Aladdin is home to 15 people near the South Dakota line. Up for sale Friday were the town store, liquor license, post office, gas station, a two-bedroom home, an outbuilding and a seven-unit mobile home park.

A 17-acre (6.8-hectare) tract also was included in the package bid of $500,000 by Maynard Rude and son Lee Rude of Piedmont, South Dakota, the Casper Star-Tribune reported (http://bit.ly/2qMUGX9).

Another bidder bowed out at $490,000, leaving the Rudes with no competitors.

“We obviously didn’t think it was going to go this cheap. I was thinking at least $750,000 to $800,000,” Lee Rude said.

Owners Rick and Judy Brengle also expected a higher price.

“I thought it would probably start there instead of end there,” Rick Brengle said. “It was an absolute roll of the dice.”

A cafe and motel offered separately by another couple failed to sell after a few bids.

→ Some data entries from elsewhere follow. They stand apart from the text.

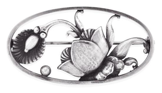 Of oval floral and foliate design, in sterling silver, reference 274, boxed.
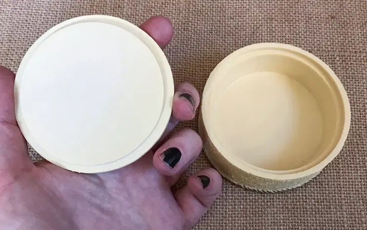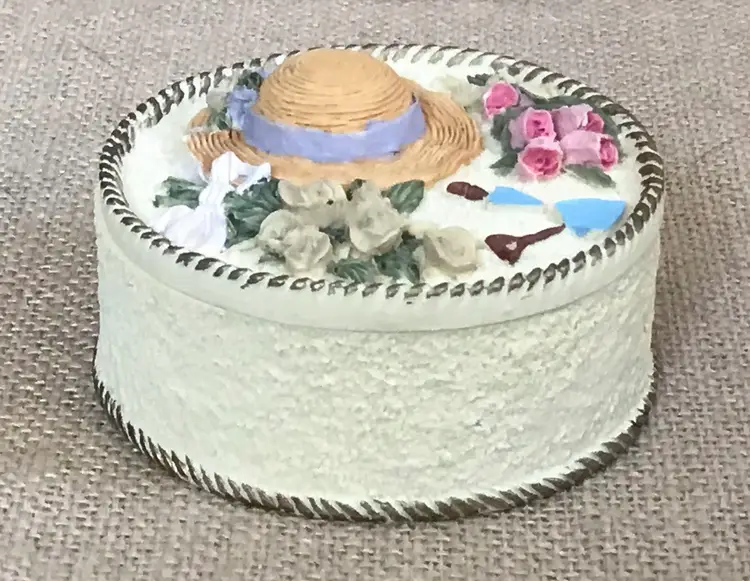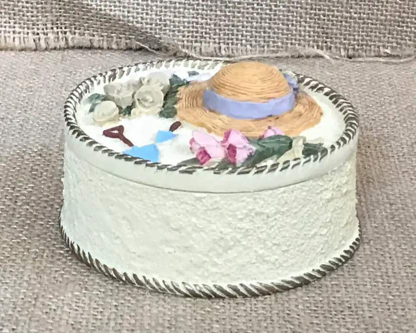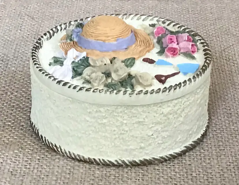 The box has a sort of popcorn ceiling texture and the base color looks to me like a pale yellow.
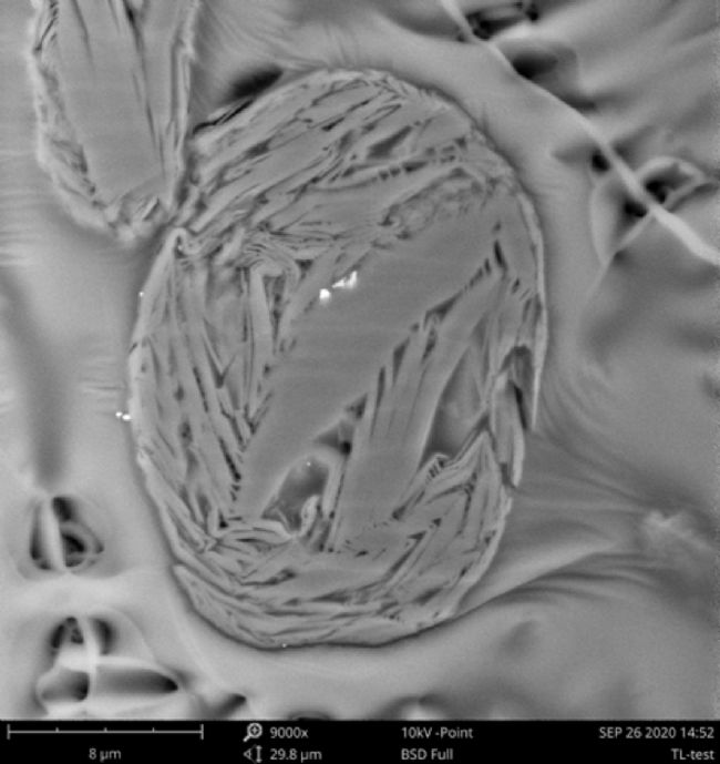 鋰電池負極石墨顆粒——使用 離子研磨儀切開負極材料粉末顆粒(飛納臺式掃描電鏡拍攝)
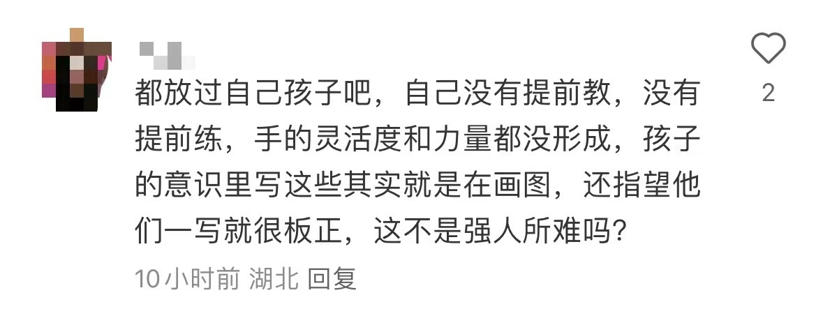 在家长吐槽孩子写字丑的帖子下方,记者发现,不乏家长分享自己提前送孩子去练字班,因此在写字上写得更为整洁规范。但是也有网友称,一年级阶段孩子写字就像画画一样,多鼓励孩子才能激发孩子写字的信心,字肯定是写多了就写好了。

The store, considered one of the best preserved of five surviving Wyoming roadside mercantiles, was built 125 years ago when a nearby coal mine supported a town population of about 200.

The mine closed, but the store remained a popular stop for ranchers checking their mail, tourists headed to Devils Tower National Monument, and bikers rumbling to the huge annual motorcycle rally in Sturgis, South Dakota.

Pearl Jensen, 84, has greeted customers at the town store for more than 40 years and worked for the Brengles more than 30 years.

“I just feel like I’ve tried to put it in God’s hands,” Jensen said. “If I’m still going to have a job, that’s fine, if not, that’s fine too.”